Assigned task: Could you please reproduce all the records below exactly, leaving out the images?

Recorded data

---*---

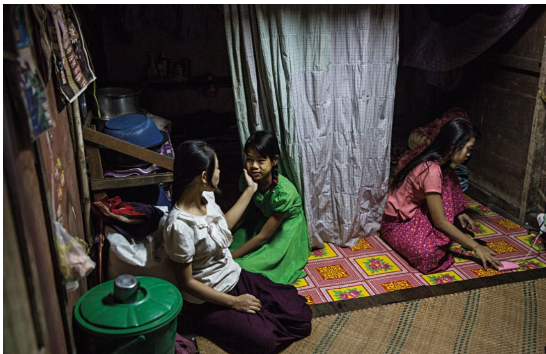
Garment factory workers sit in their home at the end of their work day.

The legal minimum wage applies across the country and across sectors and industries, but with the following exemptions:
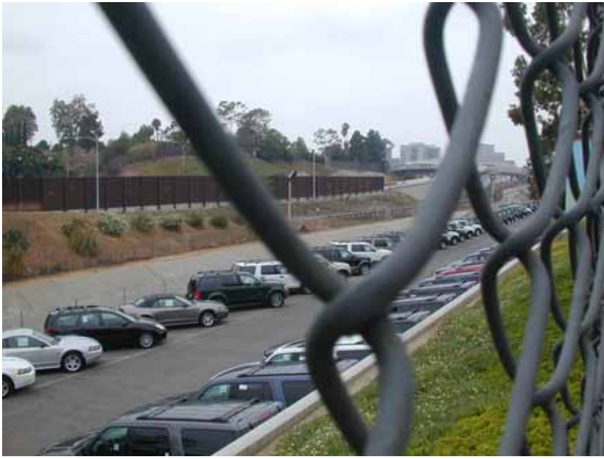
Photo #13: At the northwest property boundary of the St. Jerome School on Thornburn Street facing northwest. The view is of the commercial strip (auto business), flood control channel, and La Tijera Boulevard on-ramp to the I-405.
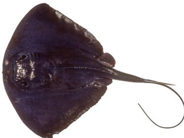
Figure 1. Image of a violet stingray Pteroplatytrygon violacea .

It was originally described in the Mediterranean Sea and Atlantic Ocean by Bigelow and Schroeder (1962). It is medium size, around 60 cm and reaches a maximum of 90 cm disc width (DW) (Vaske Júnior and Rotundo, 2012). It is the only pelagic ray species (Mollet, 2002).

---*---

Written answer:
Garment factory workers sit in their home at the end of their work day.

The legal minimum wage applies across the country and across sectors and industries, but with the following exemptions:
Photo #13: At the northwest property boundary of the St. Jerome School on Thornburn Street facing northwest. The view is of the commercial strip (auto business), flood control channel, and La Tijera Boulevard on-ramp to the I-405.
Figure 1. Image of a violet stingray Pteroplatytrygon violacea .

It was originally described in the Mediterranean Sea and Atlantic Ocean by Bigelow and Schroeder (1962). It is medium size, around 60 cm and reaches a maximum of 90 cm disc width (DW) (Vaske Júnior and Rotundo, 2012). It is the only pelagic ray species (Mollet, 2002).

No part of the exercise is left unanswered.